Tears of anger, horror, fear, hatred even that life has brought us to be standing here at this moment. A tidal wave of pent up frustration which up until now has been managed admirably well for five years but is let loose by the innocent charm of this beautiful little stranger.
Half an hour before, we had all been crying tears of a different sort, ones of joy.
We had taken my daughter to the Hydrotherapy pool next door and for the first time in three years, my Mum had been able to hold her granddaughter helped with the buoyancy of the bath warm water. They had laughed manically, twirled and splashed and squealed with delight.
The 65 years age gap vanished as both overcame their physical limitations and became equal in the water. It was a truly magical experience that I will always remember and which without doubt cemented their bond with each other forever.
Back here in the corridor however, the reality has hit home that to access this wonderful facility, we have had to join a club that neither of us dreamt of. On either side of the corridor are bedrooms each beautifully decorated with cheerful characters, butterflies and castles. Each shares a large en-suite bathroom and has a view outside onto a peaceful garden. Each is equipped with state of the art monitoring equipment, special beds, oxygen on tap and emergency alarm call systems.

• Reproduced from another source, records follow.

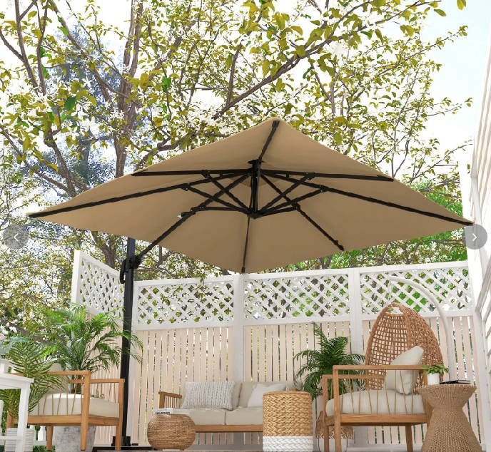 - Drehbarkeit um 360 Grad: Mit dem Kreuzfuß und dem Fußpedal zur Steuerung der Drehung kann der Schirm um 360 Grad gedreht werden, um die Kontrolle über den zu beschattenden Bereich zu erleichtern. (Bitte beachten: Im Lieferumfang ist nur ein Kreuzfuß enthalten, kein Gegengewichtsfuß. Es wird empfohlen, ein Gegengewicht von mindestens 60 kg zu verwenden.)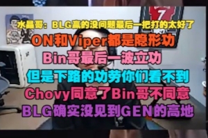水晶哥:BLG贏的沒問題最后一把打的太好了,ON和Viper都是隱形功,Bin哥最后一波立功,但是下路的功勞你們看不到,Chovy同意了Bin哥不同意。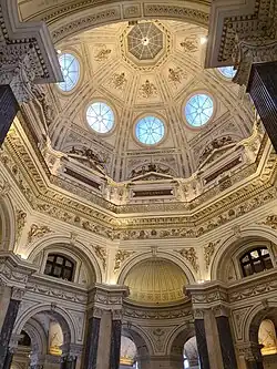 Der Architekt wurde von 1867 an in einem Wettbewerb ermittelt, an dem Karl Hasenauer teilnahm; der Kaiser ließ Hasenauers Pläne von Gottfried Semper begutachten, und Hasenauer gewann ihn zur Mitarbeit. Daraus ergab sich eine nicht immer harmonische Gemeinschaftsarbeit der beiden Architekten an beiden Museen.[17] Der Bau beider Hofmuseen begann 1871, sechs Jahre nach der feierlichen Eröffnung der Ringstraße; das Kunsthistorische Museum wurde 1891, zwei Jahre später als das NHM, eröffnet.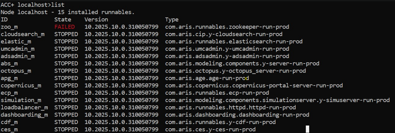 On Windows Server 2022 with ARIS 10.2025, the zoo_m (ZooKeeper) runnable consistently shows FAILED in ACC+, while all other runnables remain STOPPED. Attempted restart and cleanup, but zoo_m does not start successfully. Looking for guidance on root cause and clean reinstallation/reset of zoo_m.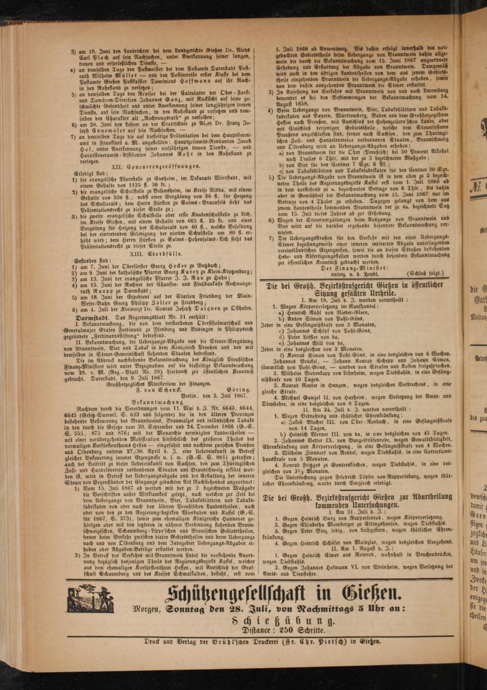 Anzeigeblatt für die Provinzialhauptstadt Gießen. 1840-1867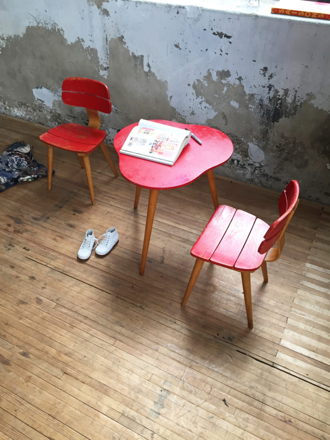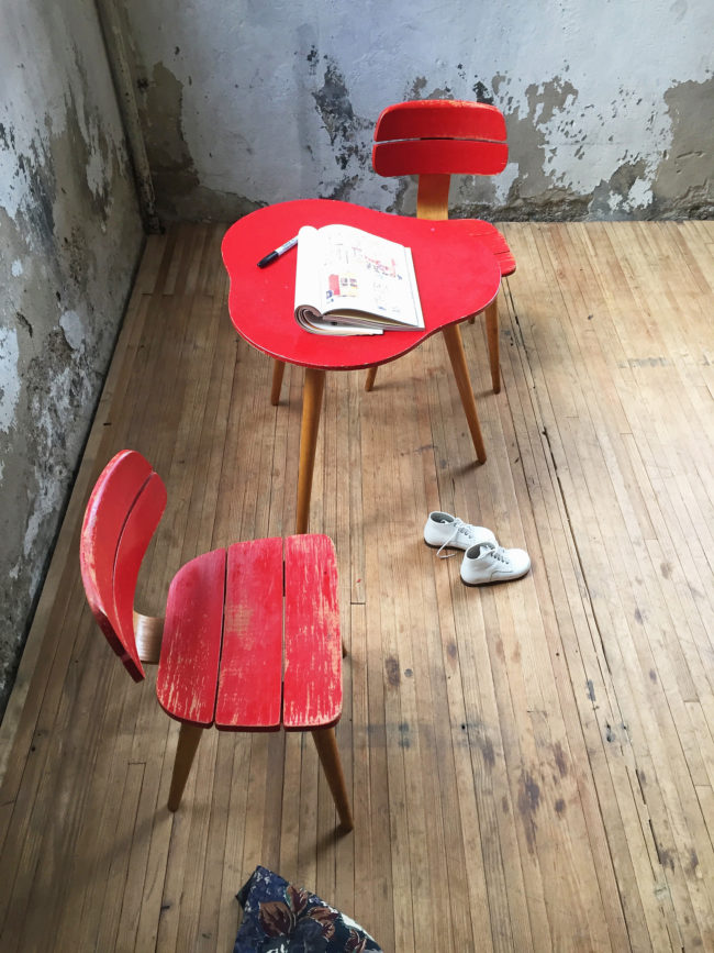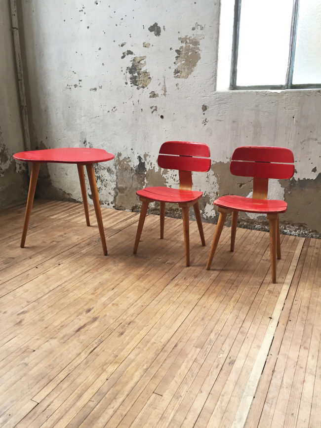 Très rare ensemble pour enfant Baumann composé d’une petite table bureau et de deux chaises.

The larger room on the left is an office where real life angels work and part of their role is to look after terminally ill children staying here.
We are stood in a children’s hospice.
We have accessed this special place because my daughter has a life threatening form of epilepsy.
We also need respite now and again and are able to get it here, safe in the knowledge that she is in the best possible care.
When we first visited I felt like a fraud, thankful that my girl was not terminally ill and slightly guilty to be accessing the services.
A year on however and I have learned that as well as this hugely important role, the hospice also offers a fun safe place to play, make new friends and get a break in the company of other special needs families.
Our three generation party of girls still go swimming here and we have now been to parties too, celebrating being members of this special club that we once knew nothing about.